▶ WORK TO BE COMPLETED: In the entries that follow, find the line containing "나다는 지난 2일 자신의" and the line containing "Black Printed 2L", then retype exactly the lines from the first through the second, pictures excluded.

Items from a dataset
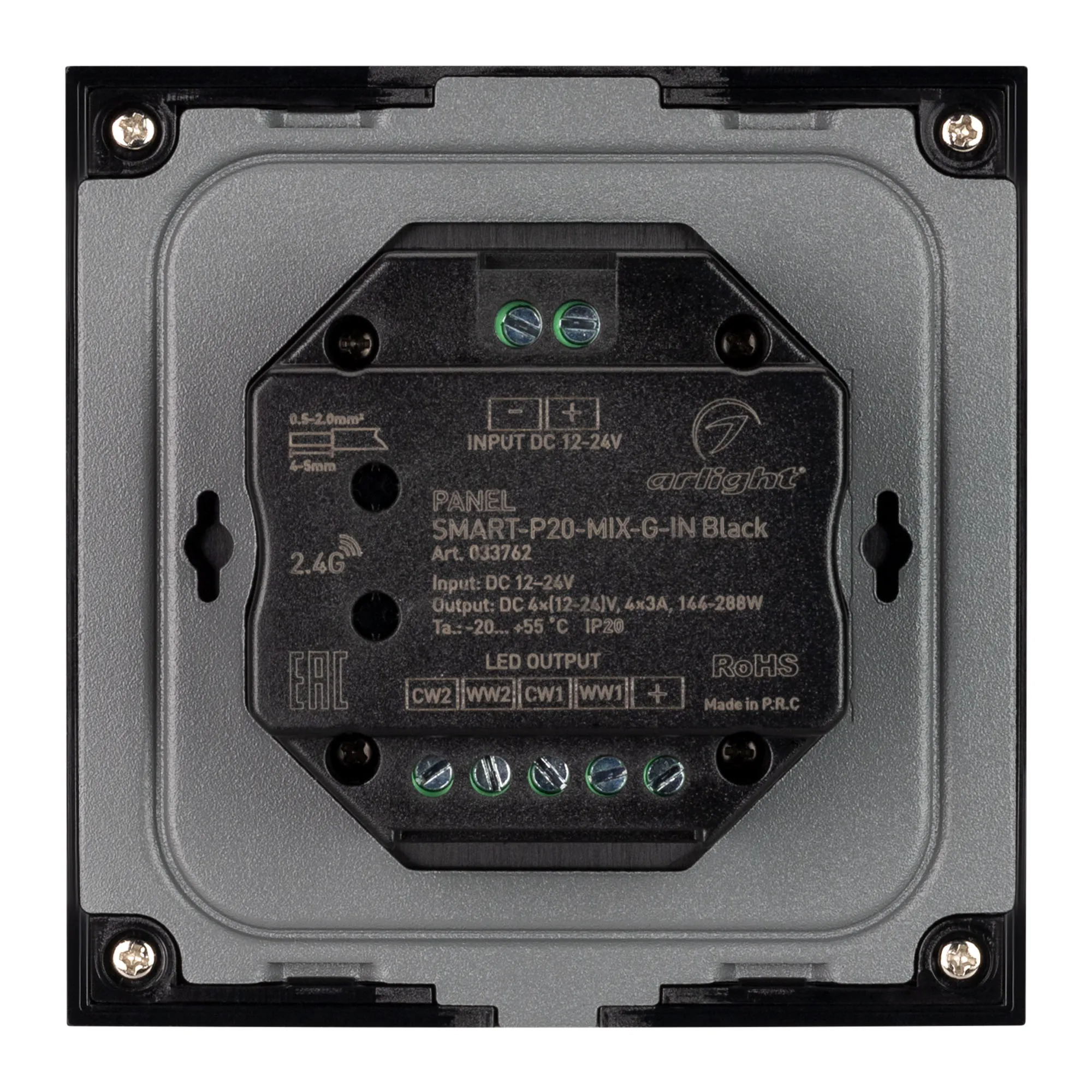 Встраиваемая роторная панель черного цвета из стекла, с защитой от мелких царапин. Предназначена для управления мультибелыми (MIX) источниками света (ШИМ) с помощью роторного вращателя. Основные функции: включение/выключение света, регулировка яркости, изменение цветовой температуры. Изделие можно использовать как диммер с 2 парами параллельных выходов для подключения мультибелых светодиодных лент или в качестве однозонного пульта управления диммерами и контроллерами серии SMART. Устройство может управляться пультами дистанционного управления или панелями серии SMART. К одной панели можно привязать неограниченное количество диммеров и контроллеров. Устройство совместимо с диммерами и контроллерами серии SMART, с управлением по радиоканалу 2.4G. Питание 12-24В, 4 канала управления, максимальный ток 3А на канал, суммарная мощность нагрузки 144-288 Вт. Габариты: 86х86х50 мм, корпус из пластика, лицевая часть из стекла. Устройство устанавливается в стандартного размера монтажные коробки.
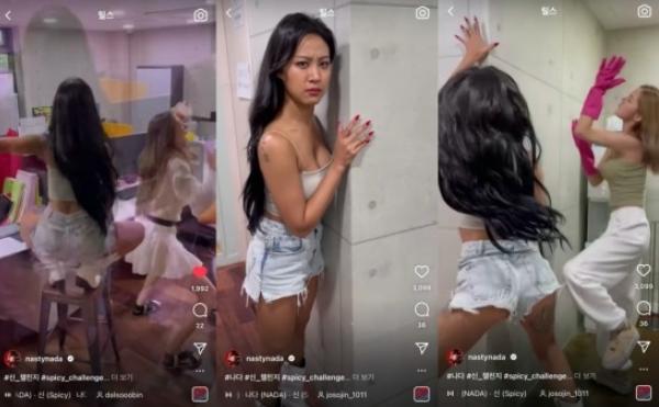 나다는 지난 2일 자신의 인스타그램에 ‘#신_챌린지’, ‘#spicy_challenge’, ‘#트월킹챌린지’라는 태그와 함께 달수빈, 조가빈과 각각 촬영한 챌린지 영상을 게재했다.
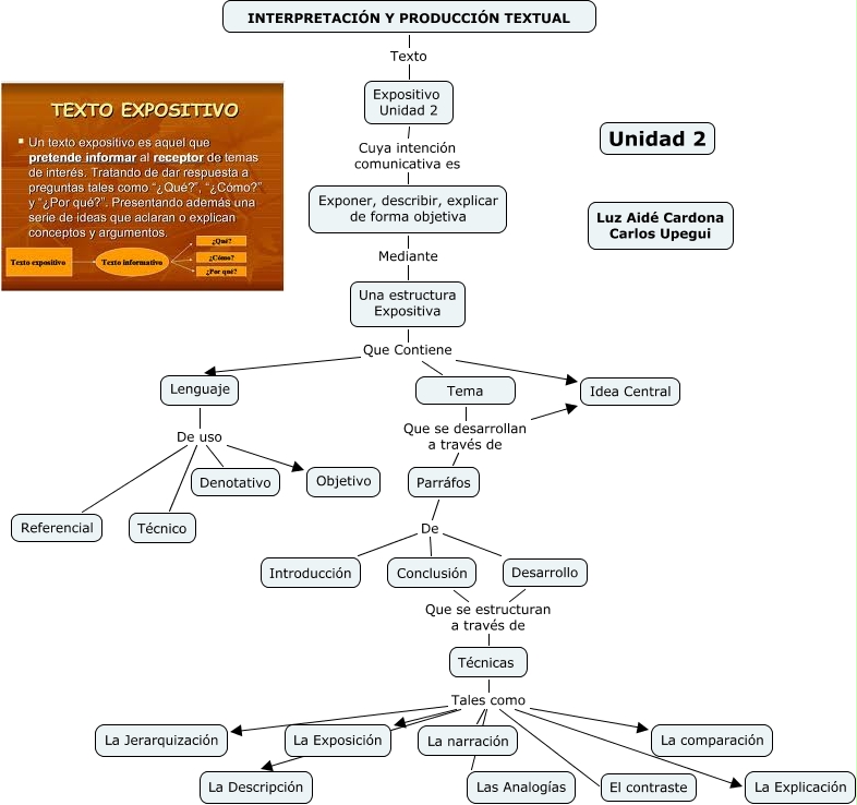 Este Cmap, tiene información relacionada con: Unidad 2 Expositivo, Parráfos De Conclusión, INTERPRETACIÓN Y PRODUCCIÓN TEXTUAL Texto Expositivo Unidad 2, Parráfos De Desarrollo, Tema Que se desarrollan a través de Idea Central, Técnicas Tales como El contraste, Lenguaje De uso Objetivo, Técnicas Tales como La Descripción, Desarrollo Que se estructuran a través de Técnicas, Lenguaje De uso Referencial, Lenguaje De uso Denotativo, Exponer, describir, explicar de forma objetiva Mediante Una estructura Expositiva, Conclusión Que se estructuran a través de Técnicas, Técnicas Tales como La narración, Técnicas Tales como La Jerarquización, Técnicas Tales como Las Analogías, Técnicas Tales como La Explicación, Técnicas Tales como La Exposición, Expositivo Unidad 2 Cuya intención comunicativa es Exponer, describir, explicar de forma objetiva, Una estructura Expositiva Que Contiene Idea Central, Técnicas Tales como La comparación
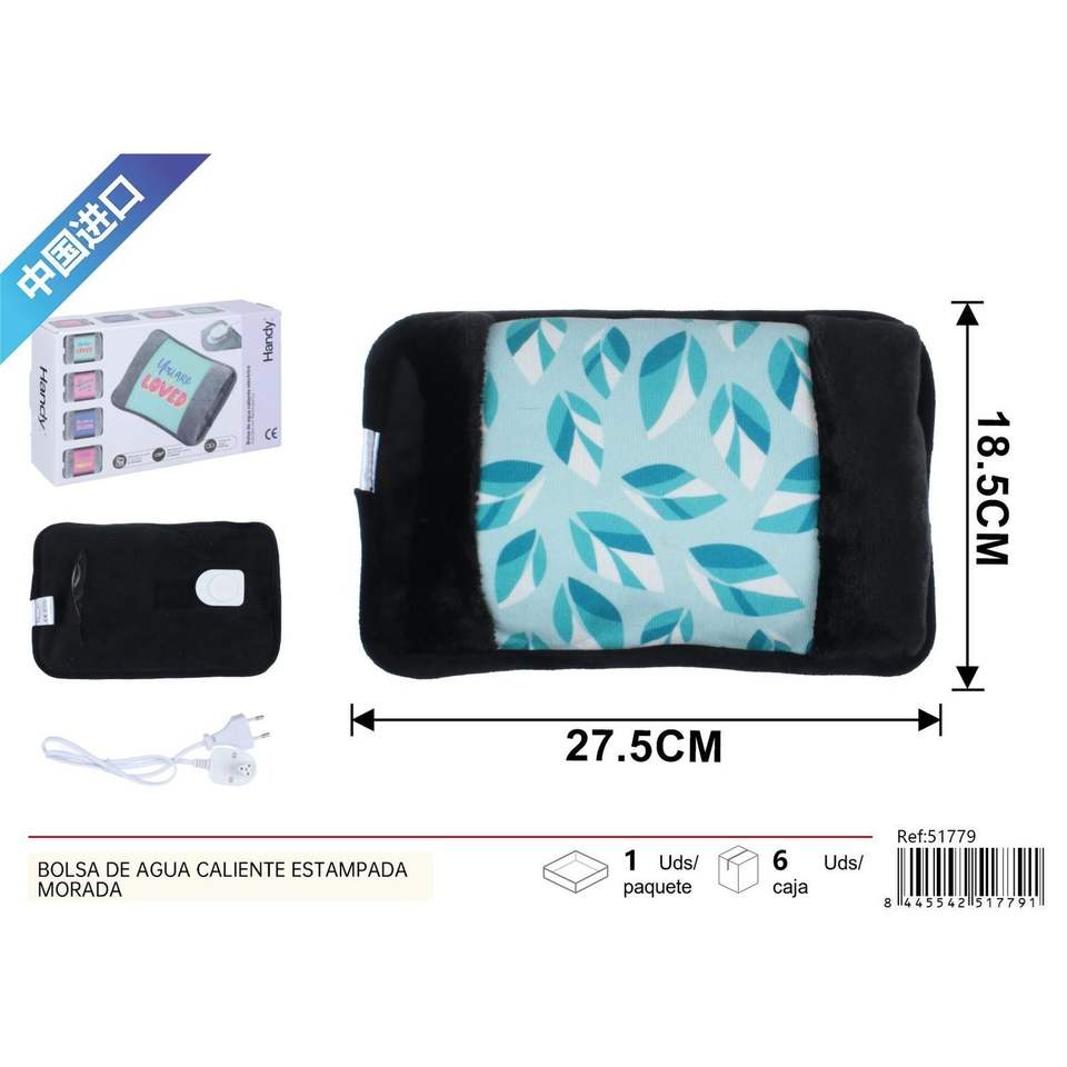 Black Printed 2L Rubber Hot Water Bottle Novelty Hand Warming Bag with Plush 2000ml Capacity
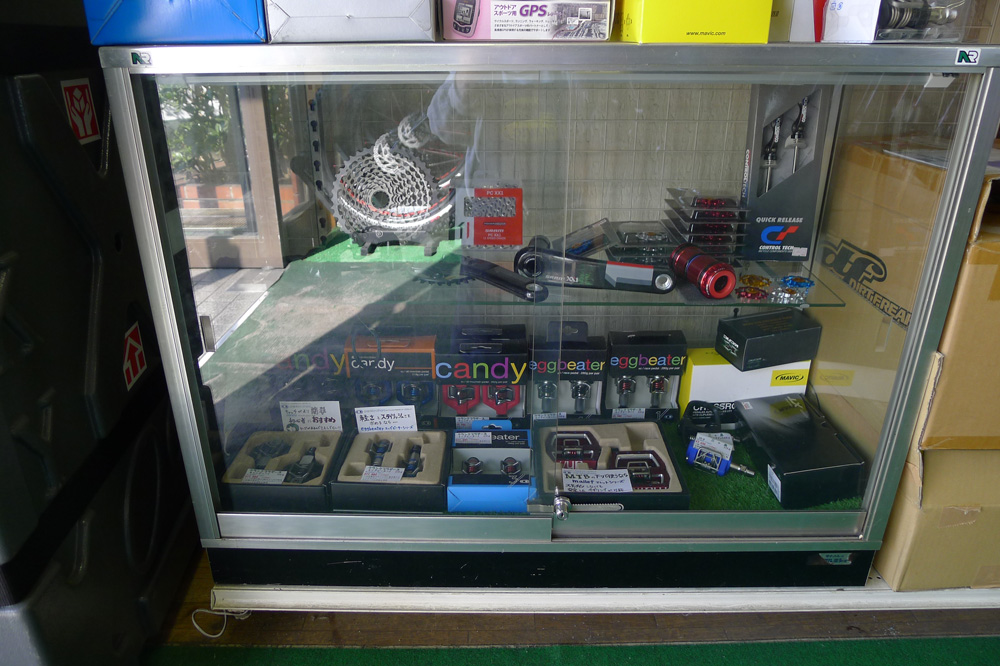 ショーケースにはスラムXX1とクランクブラザーズのペダルが

▶ ANSWER TO THIS PROBLEM:
 나다는 지난 2일 자신의 인스타그램에 ‘#신_챌린지’, ‘#spicy_challenge’, ‘#트월킹챌린지’라는 태그와 함께 달수빈, 조가빈과 각각 촬영한 챌린지 영상을 게재했다.
 Este Cmap, tiene información relacionada con: Unidad 2 Expositivo, Parráfos De Conclusión, INTERPRETACIÓN Y PRODUCCIÓN TEXTUAL Texto Expositivo Unidad 2, Parráfos De Desarrollo, Tema Que se desarrollan a través de Idea Central, Técnicas Tales como El contraste, Lenguaje De uso Objetivo, Técnicas Tales como La Descripción, Desarrollo Que se estructuran a través de Técnicas, Lenguaje De uso Referencial, Lenguaje De uso Denotativo, Exponer, describir, explicar de forma objetiva Mediante Una estructura Expositiva, Conclusión Que se estructuran a través de Técnicas, Técnicas Tales como La narración, Técnicas Tales como La Jerarquización, Técnicas Tales como Las Analogías, Técnicas Tales como La Explicación, Técnicas Tales como La Exposición, Expositivo Unidad 2 Cuya intención comunicativa es Exponer, describir, explicar de forma objetiva, Una estructura Expositiva Que Contiene Idea Central, Técnicas Tales como La comparación
 Black Printed 2L Rubber Hot Water Bottle Novelty Hand Warming Bag with Plush 2000ml Capacity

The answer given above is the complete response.